When `low_cpu_mem_usage=True` (the default for models larger than 20GB), `PreTrainedModel` first creates parameters on the **meta device**—a PyTorch virtual device that tracks shape and dtype without allocating underlying storage. The `load_state_dict` function then streams weights directly from checkpoint files (Safetensors or PyTorch binaries) to the final target device (GPU or CPU), bypassing the need to hold a full CPU copy of the model. This approach keeps peak RAM usage near zero until weights are actually materialized on their destination devices.

### What is the difference between `_tied_weights_keys` and `get_expanded_tied_weights_keys`?

`_tied_weights_keys` is a **class attribute** defined on specific model architectures (e.g., `["lm_head.weight", "transformer.wte.weight"]` in GPT-2) that declares which parameters should share storage. `get_expanded_tied_weights_keys()` is a **runtime method** (defined around line 2400 in [`modeling_utils.py`](https://github.com/huggingface/transformers/blob/main/modeling_utils.py)) that processes these declarations—expanding regex patterns, resolving sub-model scopes, and building a concrete dictionary mapping each target parameter name to its source parameter name.

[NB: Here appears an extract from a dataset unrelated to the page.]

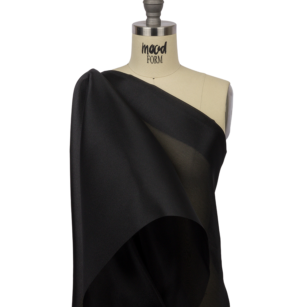 A timeless color looks the best in our Quinn Black Shimmering Polyester Twill Organdy.

This expansion handles complex cases like encoder-decoder models where tying rules may apply across different component prefixes.

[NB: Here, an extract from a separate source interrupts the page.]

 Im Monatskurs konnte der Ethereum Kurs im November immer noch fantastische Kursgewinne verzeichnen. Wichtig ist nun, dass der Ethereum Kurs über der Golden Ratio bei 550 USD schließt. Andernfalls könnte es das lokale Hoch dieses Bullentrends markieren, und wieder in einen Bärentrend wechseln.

### When does Flash Attention get imported during the initialization flow?

Flash Attention kernels are **lazily imported** only when the model configuration specifies `attn_implementation="flash_attention_2"` or `"sdpa"` (when Flash Attention is selected as the backend). The functions `lazy_import_flash_attention` (line 150) and `lazy_import_paged_flash_attention` (line 171) in [`src/transformers/modeling_flash_attention_utils.py`](https://github.com/huggingface/transformers/blob/main/src/transformers/modeling_flash_attention_utils.py) use deferred import mechanisms to load CUDA kernels on-demand. This prevents unnecessary shared library loading and import-time overhead when using standard attention implementations, keeping the initialization fast and memory-light until specialized kernels are actually required.

### How does `tie_weights()` handle missing keys in a partial checkpoint?

When loading a partial checkpoint where one side of a tied pair is missing (e.g., `lm_head.weight` exists but `transformer.wte.weight` does not), the `tie_weights()` method (lines 2500–2550 in [`modeling_utils.py`](https://github.com/huggingface/transformers/blob/main/modeling_utils.py)) **swaps the source and target designations** so that the existing tensor becomes the source. It then uses `setattr(parent, name, source_param)` to make the missing target parameter reference the same underlying storage as the source. Finally, `_adjust_bias` synchronizes bias dimensions and output feature sizes to ensure consistency between the tied embedding and linear layers, effectively reconstructing the missing weights without duplicating memory.